• _Aim of the exercise_:
The expected answer is a verbatim transcription of the lines below, beginning with the first and ending with the line that holds "Elegante set di", without pictures.

• _Data extract_:
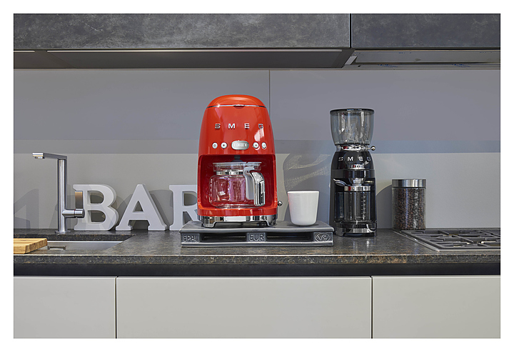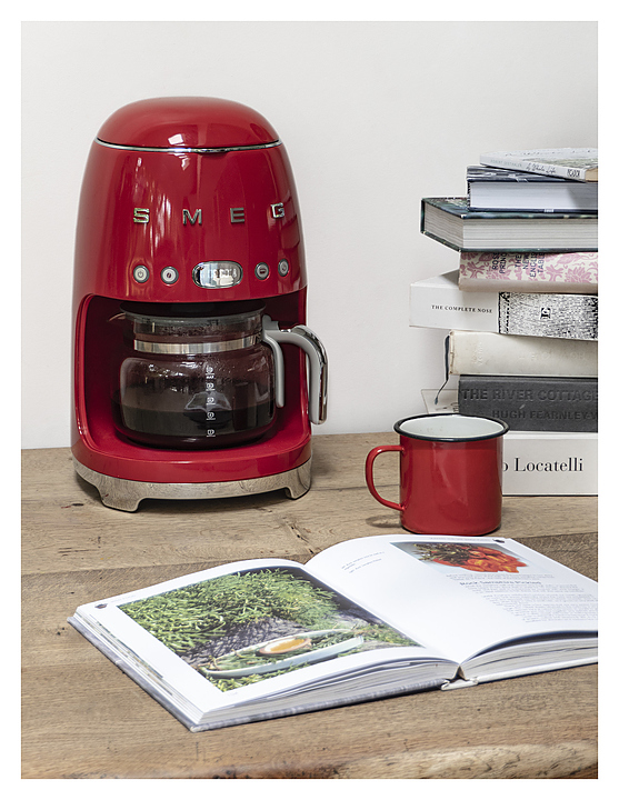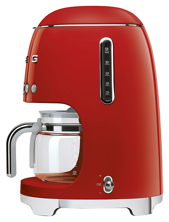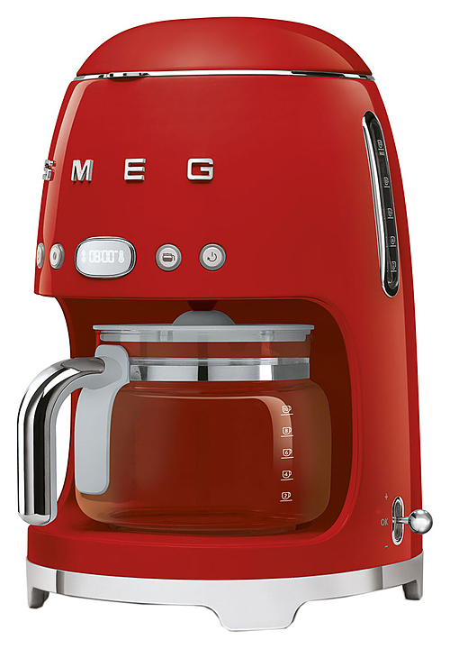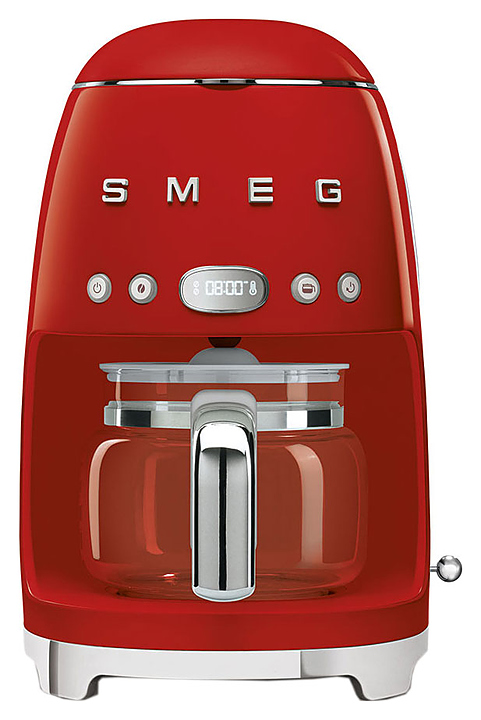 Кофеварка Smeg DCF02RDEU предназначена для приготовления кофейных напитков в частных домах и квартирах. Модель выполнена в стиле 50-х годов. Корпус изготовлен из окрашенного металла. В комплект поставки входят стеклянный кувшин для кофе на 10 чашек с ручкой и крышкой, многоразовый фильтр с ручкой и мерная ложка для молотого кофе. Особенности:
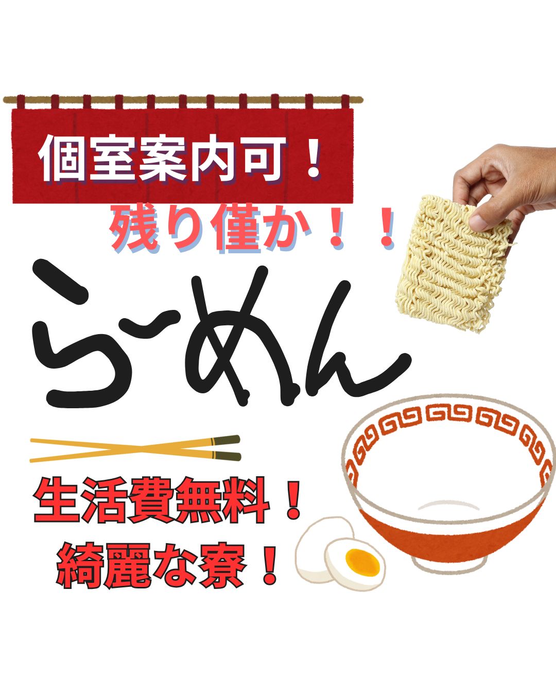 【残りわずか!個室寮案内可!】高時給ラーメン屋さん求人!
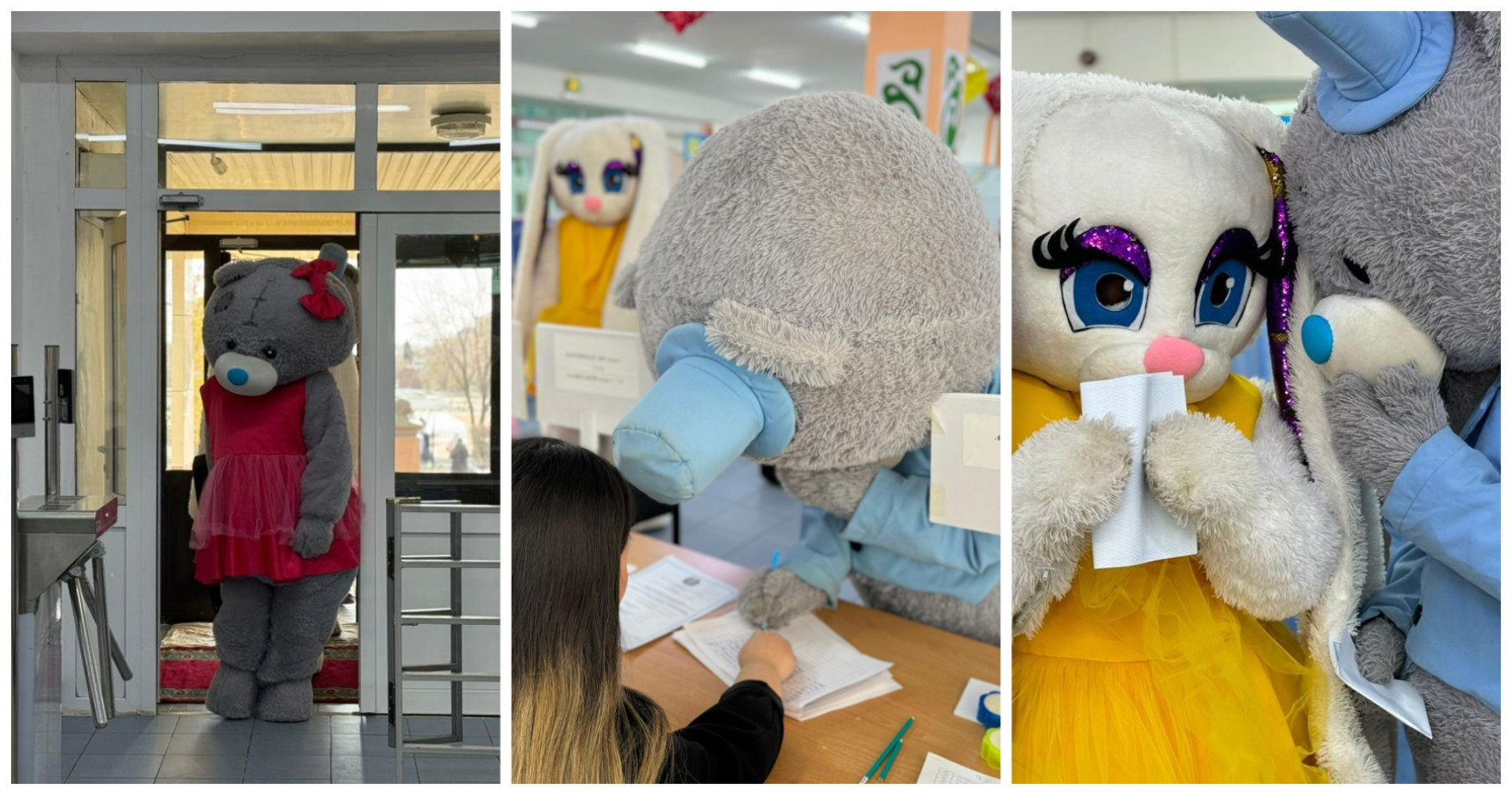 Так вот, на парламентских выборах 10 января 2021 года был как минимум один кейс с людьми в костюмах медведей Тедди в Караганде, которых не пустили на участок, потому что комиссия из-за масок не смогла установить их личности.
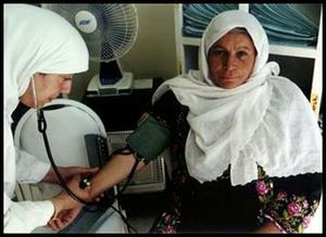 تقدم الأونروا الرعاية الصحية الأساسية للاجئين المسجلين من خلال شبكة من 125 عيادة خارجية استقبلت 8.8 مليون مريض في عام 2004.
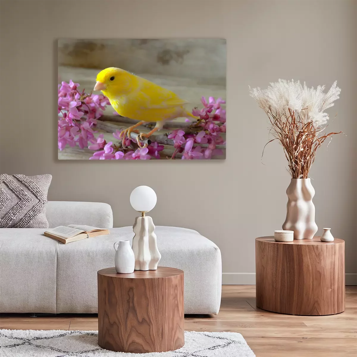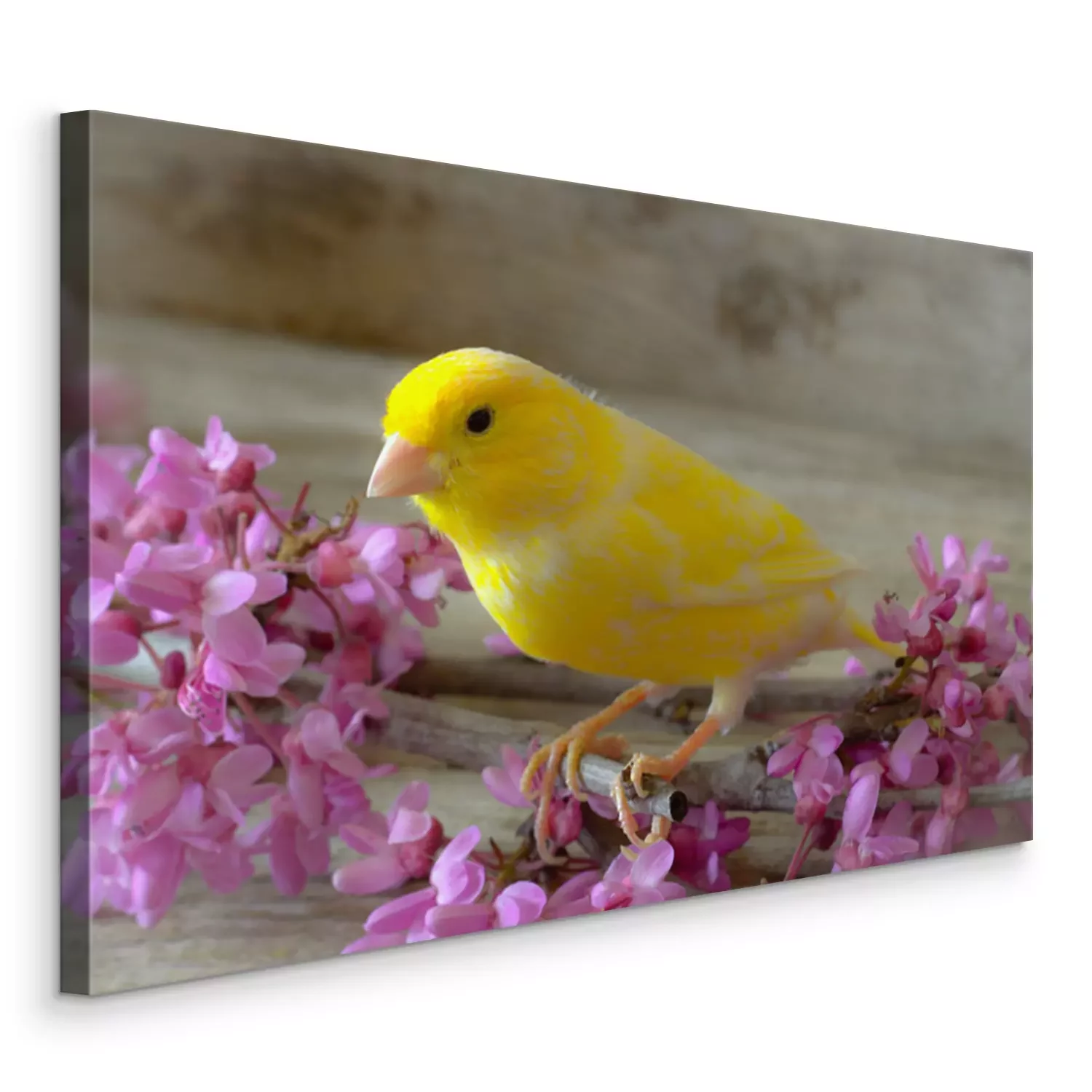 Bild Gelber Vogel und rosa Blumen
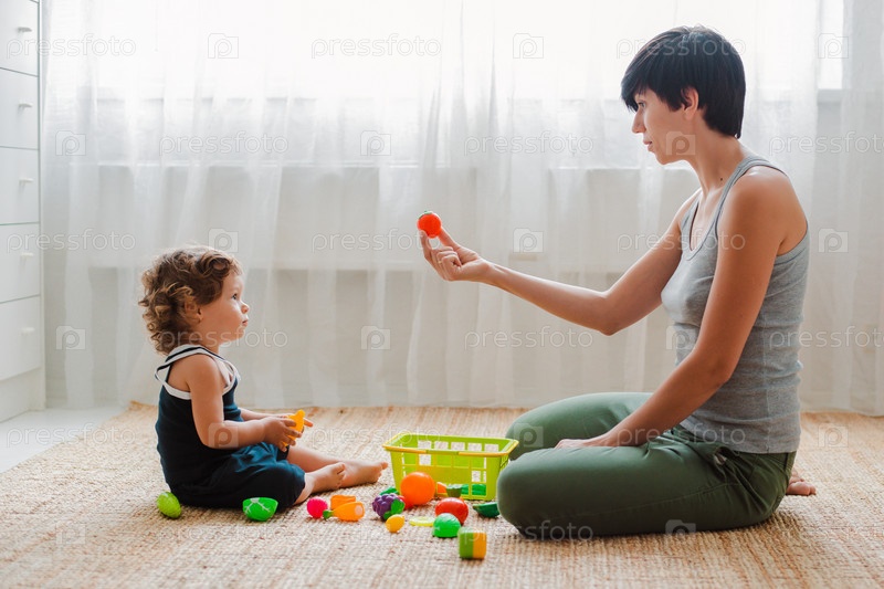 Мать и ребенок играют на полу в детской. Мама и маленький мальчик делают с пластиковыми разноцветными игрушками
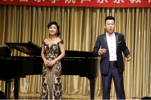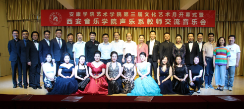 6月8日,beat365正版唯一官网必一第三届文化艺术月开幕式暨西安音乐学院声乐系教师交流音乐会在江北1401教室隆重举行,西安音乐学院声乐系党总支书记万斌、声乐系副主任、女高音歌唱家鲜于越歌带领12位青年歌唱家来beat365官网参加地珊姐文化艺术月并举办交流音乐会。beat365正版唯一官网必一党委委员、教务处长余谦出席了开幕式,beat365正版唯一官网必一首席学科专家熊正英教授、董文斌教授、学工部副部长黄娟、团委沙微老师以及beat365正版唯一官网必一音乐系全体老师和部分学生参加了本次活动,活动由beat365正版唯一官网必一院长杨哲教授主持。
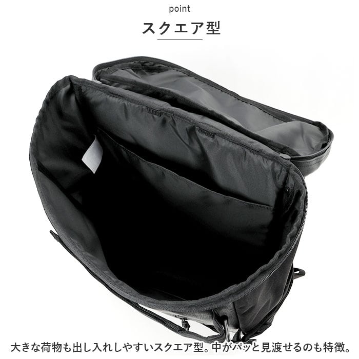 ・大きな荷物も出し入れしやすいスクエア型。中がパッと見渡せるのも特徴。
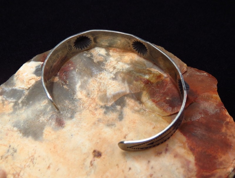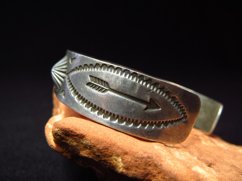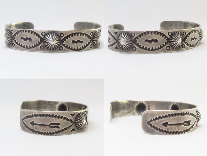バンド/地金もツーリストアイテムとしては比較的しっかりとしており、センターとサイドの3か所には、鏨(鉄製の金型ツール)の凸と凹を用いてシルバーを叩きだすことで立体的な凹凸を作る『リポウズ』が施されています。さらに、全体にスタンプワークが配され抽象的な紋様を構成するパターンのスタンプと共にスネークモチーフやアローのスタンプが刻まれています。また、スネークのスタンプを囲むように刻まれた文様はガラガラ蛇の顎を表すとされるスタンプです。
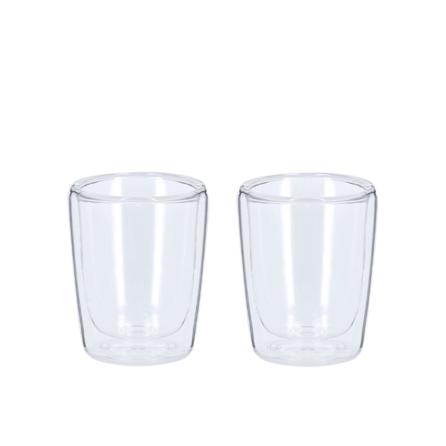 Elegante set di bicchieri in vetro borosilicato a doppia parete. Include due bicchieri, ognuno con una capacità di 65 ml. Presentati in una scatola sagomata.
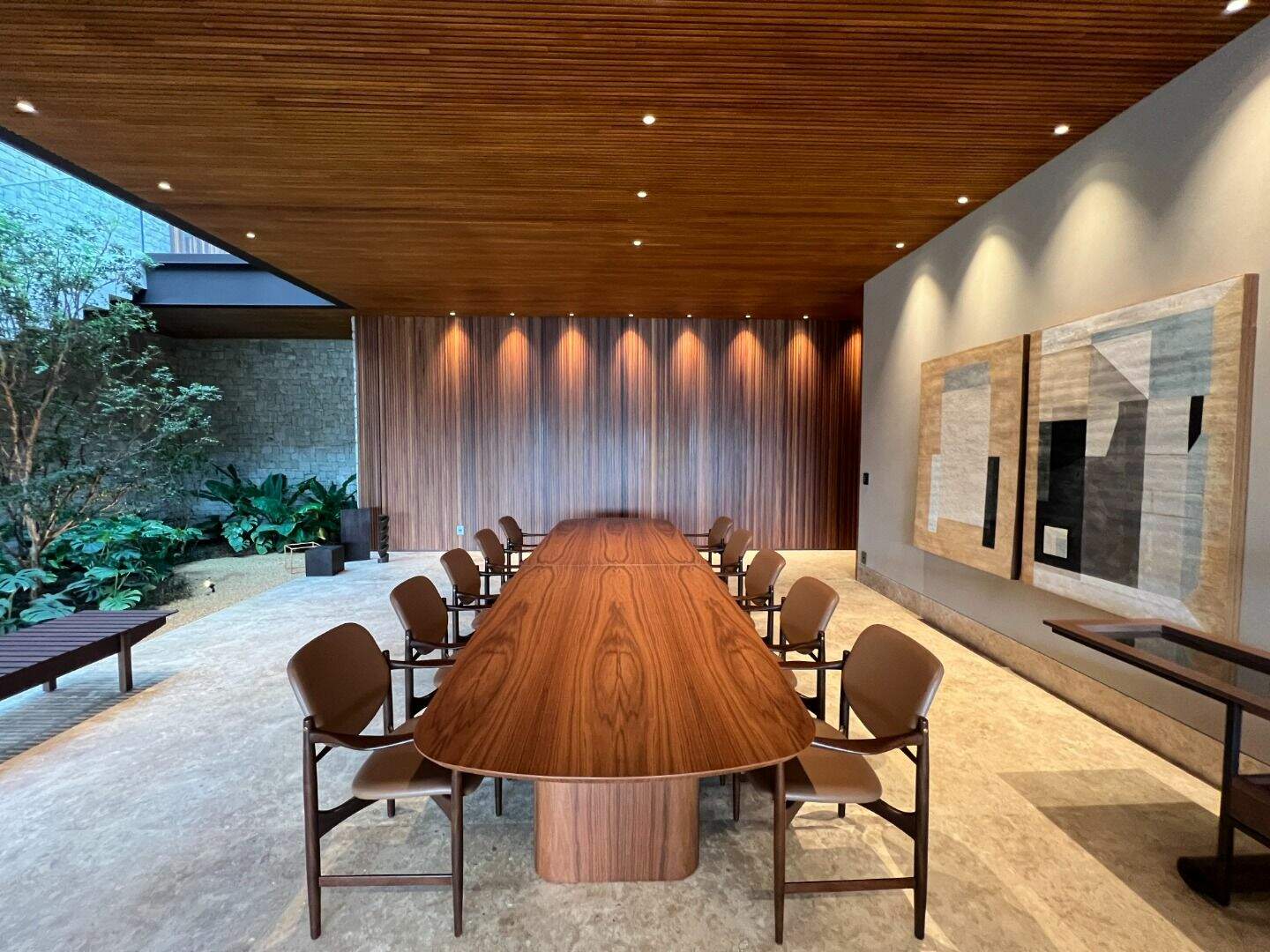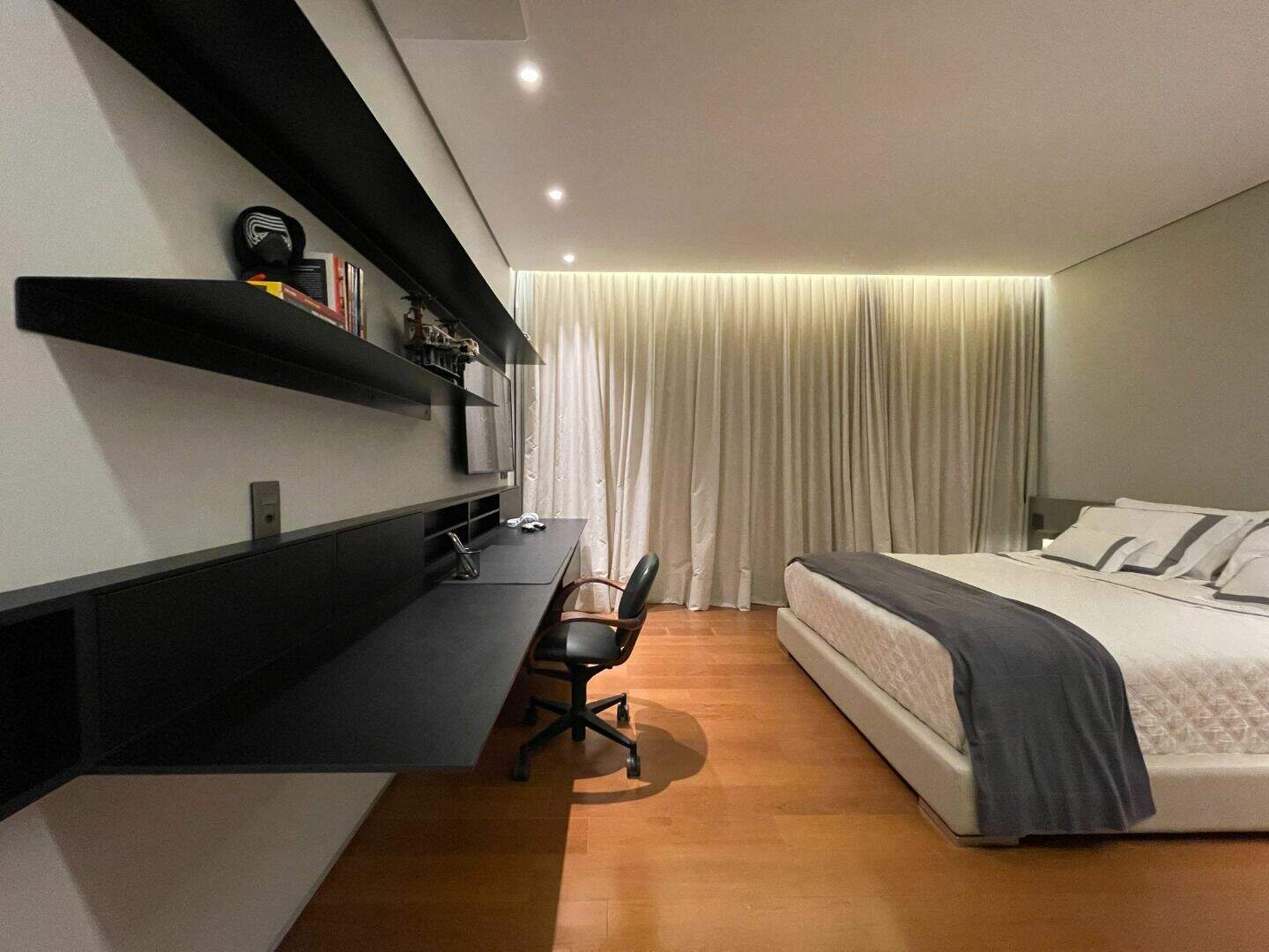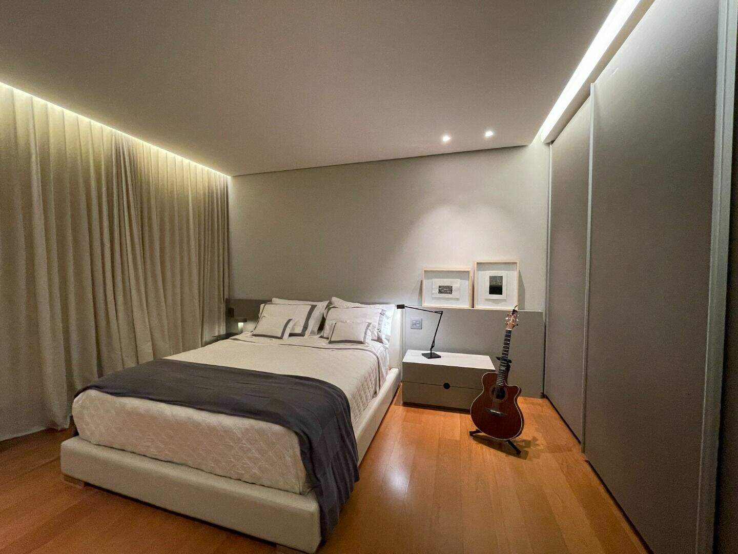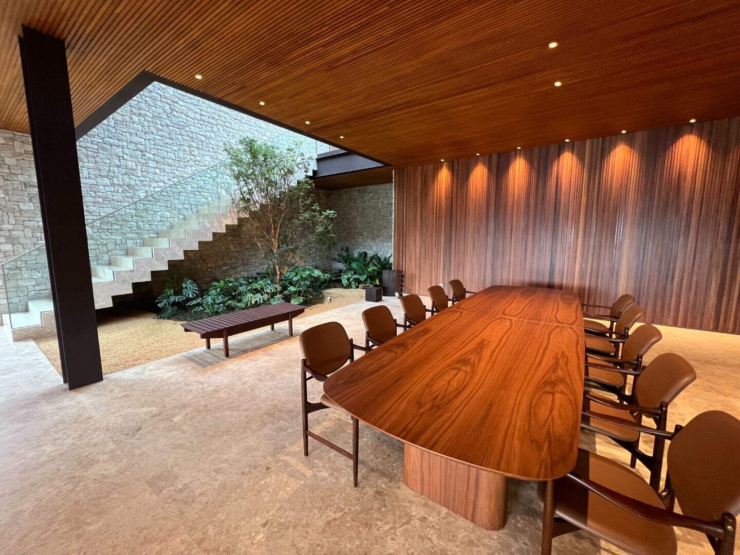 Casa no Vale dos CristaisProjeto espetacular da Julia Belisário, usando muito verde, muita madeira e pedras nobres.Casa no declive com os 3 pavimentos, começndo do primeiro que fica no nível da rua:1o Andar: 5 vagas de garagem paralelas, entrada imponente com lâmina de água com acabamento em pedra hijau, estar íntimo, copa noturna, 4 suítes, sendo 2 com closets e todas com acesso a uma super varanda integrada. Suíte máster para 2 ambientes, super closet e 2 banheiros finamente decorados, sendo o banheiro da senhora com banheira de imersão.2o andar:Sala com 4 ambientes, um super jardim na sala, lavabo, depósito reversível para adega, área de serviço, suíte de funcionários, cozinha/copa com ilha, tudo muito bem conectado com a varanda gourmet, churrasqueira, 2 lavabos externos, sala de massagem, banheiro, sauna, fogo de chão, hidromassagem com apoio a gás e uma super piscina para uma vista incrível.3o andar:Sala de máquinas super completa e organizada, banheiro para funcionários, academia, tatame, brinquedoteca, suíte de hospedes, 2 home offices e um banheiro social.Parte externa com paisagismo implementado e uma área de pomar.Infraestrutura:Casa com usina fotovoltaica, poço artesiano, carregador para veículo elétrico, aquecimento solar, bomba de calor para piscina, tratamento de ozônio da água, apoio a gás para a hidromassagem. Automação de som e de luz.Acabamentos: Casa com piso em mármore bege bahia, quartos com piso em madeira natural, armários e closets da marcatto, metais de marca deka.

• _Task answer_:
 Кофеварка Smeg DCF02RDEU предназначена для приготовления кофейных напитков в частных домах и квартирах. Модель выполнена в стиле 50-х годов. Корпус изготовлен из окрашенного металла. В комплект поставки входят стеклянный кувшин для кофе на 10 чашек с ручкой и крышкой, многоразовый фильтр с ручкой и мерная ложка для молотого кофе. Особенности:
 【残りわずか!個室寮案内可!】高時給ラーメン屋さん求人!
 Так вот, на парламентских выборах 10 января 2021 года был как минимум один кейс с людьми в костюмах медведей Тедди в Караганде, которых не пустили на участок, потому что комиссия из-за масок не смогла установить их личности.
 تقدم الأونروا الرعاية الصحية الأساسية للاجئين المسجلين من خلال شبكة من 125 عيادة خارجية استقبلت 8.8 مليون مريض في عام 2004.
 Bild Gelber Vogel und rosa Blumen
 Мать и ребенок играют на полу в детской. Мама и маленький мальчик делают с пластиковыми разноцветными игрушками
 6月8日,beat365正版唯一官网必一第三届文化艺术月开幕式暨西安音乐学院声乐系教师交流音乐会在江北1401教室隆重举行,西安音乐学院声乐系党总支书记万斌、声乐系副主任、女高音歌唱家鲜于越歌带领12位青年歌唱家来beat365官网参加地珊姐文化艺术月并举办交流音乐会。beat365正版唯一官网必一党委委员、教务处长余谦出席了开幕式,beat365正版唯一官网必一首席学科专家熊正英教授、董文斌教授、学工部副部长黄娟、团委沙微老师以及beat365正版唯一官网必一音乐系全体老师和部分学生参加了本次活动,活动由beat365正版唯一官网必一院长杨哲教授主持。
 ・大きな荷物も出し入れしやすいスクエア型。中がパッと見渡せるのも特徴。
バンド/地金もツーリストアイテムとしては比較的しっかりとしており、センターとサイドの3か所には、鏨(鉄製の金型ツール)の凸と凹を用いてシルバーを叩きだすことで立体的な凹凸を作る『リポウズ』が施されています。さらに、全体にスタンプワークが配され抽象的な紋様を構成するパターンのスタンプと共にスネークモチーフやアローのスタンプが刻まれています。また、スネークのスタンプを囲むように刻まれた文様はガラガラ蛇の顎を表すとされるスタンプです。
 Elegante set di bicchieri in vetro borosilicato a doppia parete. Include due bicchieri, ognuno con una capacità di 65 ml. Presentati in una scatola sagomata.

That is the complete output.